A eletroporação microfluídica emergiu como uma abordagem promissora para edição genômica de baixa entrada4. No entanto, a maioria das plataformas existentes depende de arquiteturas de fluxo contínuo que envolvem manuseio complexo de fluidos, flexibilidade limitada na mistura de reagentes e requisitos relativamente altos de célula por condição. Em contraste, a microfluídica digital (DMF) permite a manipulação ativa de gotículas discretas em escala de nanolitros em uma matriz plana de eletrodos, possibilitando controle preciso sobre a composição da reação, o tempo e a localização espacial. Este formato plug-and-play baseado em gotículas é bem adequado para fluxos de trabalho de baixo volume e alta produtividade, onde a conservação de células primárias e reagentes éessencial 5.

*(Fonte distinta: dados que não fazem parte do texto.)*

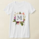 A t-shirt with a pretty design. A floral arrangement of many different varieties of flowers in red, pink and white colours, and lots of leafy green foliage. A frame layered over top with a faux-gold-foil border. Classy and elegant design. Personalise with a letter.
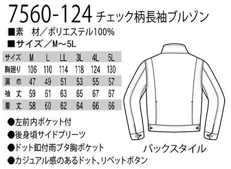7560-124/チェック柄長袖ブルゾン |
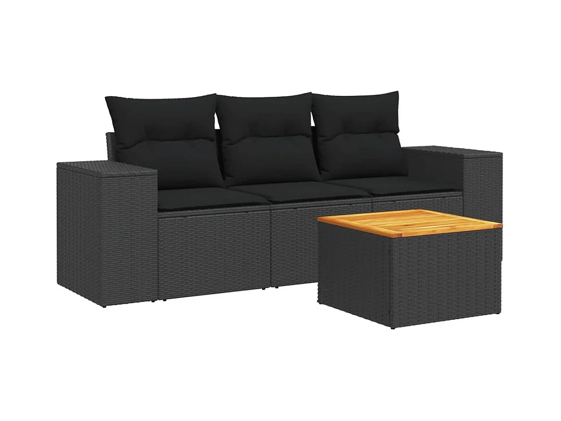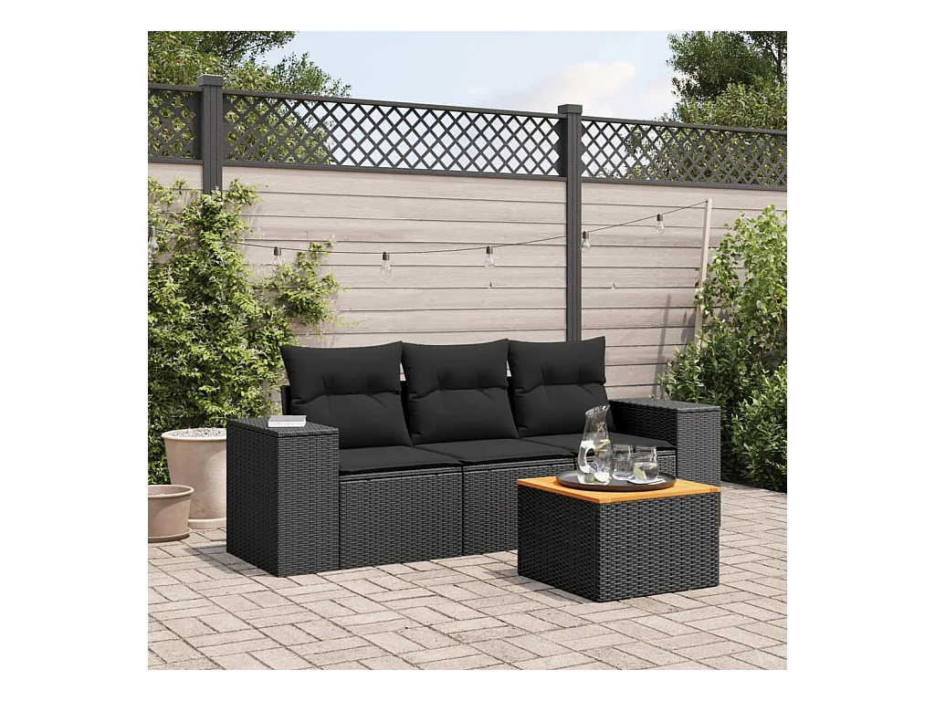 Salon de jardin 4 pcs avec coussins noir résine tressée BE77376

Trabalhos recentes demonstraram a viabilidade da entrega intracelular baseada em DMF usando arquiteturas de eletroporação tri-gotas que geram campos elétricos localizados e de baixa corrente para entrega eficiente de RNP e mRNA, minimizando o estresse térmicoe eletroquímico 6,7,8. Com base nessa base, foi desenvolvida uma plataforma de eletroporação DMF de próxima geração, denominada 'DMF-ection', com 48 sítios de reação endereçáveis de forma independente, compatibilidade total de automação e fabricação escalável decartuchos 9 (Figura 1). O cartucho DMF consiste em uma placa inferior de PCB e uma placa plástica superior separadas por uma junta, montadas por encaixes de alinhamento em uma única orientação correta (Figura 1A). O layout 48-plex está organizado em oito famílias idênticas (Figura 1A–H), cada uma contendo seis sítios de eletroporação endereçáveis independentemente, suportando até 48 condições de edição paralela por cartucho (Figura 1B). Bibliotecas de RNA-guia são depositadas na superfície do substrato usando um dispensador acústico antes da montagem do cartucho. A precisão posicional da deposição foi confirmada em todos os 48 locais, com posições de queda agrupadas dentro de um desvio submilimétrico do ponto médio do eletrodo (Figura 1C), apoiando a montagem confiável de RNP no cartucho. Após o carregamento, células e gotículas de eletrodos líquidos são acionadas no cartucho para formar a geometria de eletroporação tri-gota (Figura 1D). Após a eletroporação, as células são descarregadas em placas de cultura para recuperação e análise a jusante, incluindo citometria de fluxo, sequenciamento e microscopia (Figura 1E). Esse sistema permite a edição genômica de alta eficiência usando até 100 vezes menos células do que métodos padrão baseados em cuvettes, ampliando significativamente o acesso à engenharia genômica em aplicações de baixa entrada e alta produtividade.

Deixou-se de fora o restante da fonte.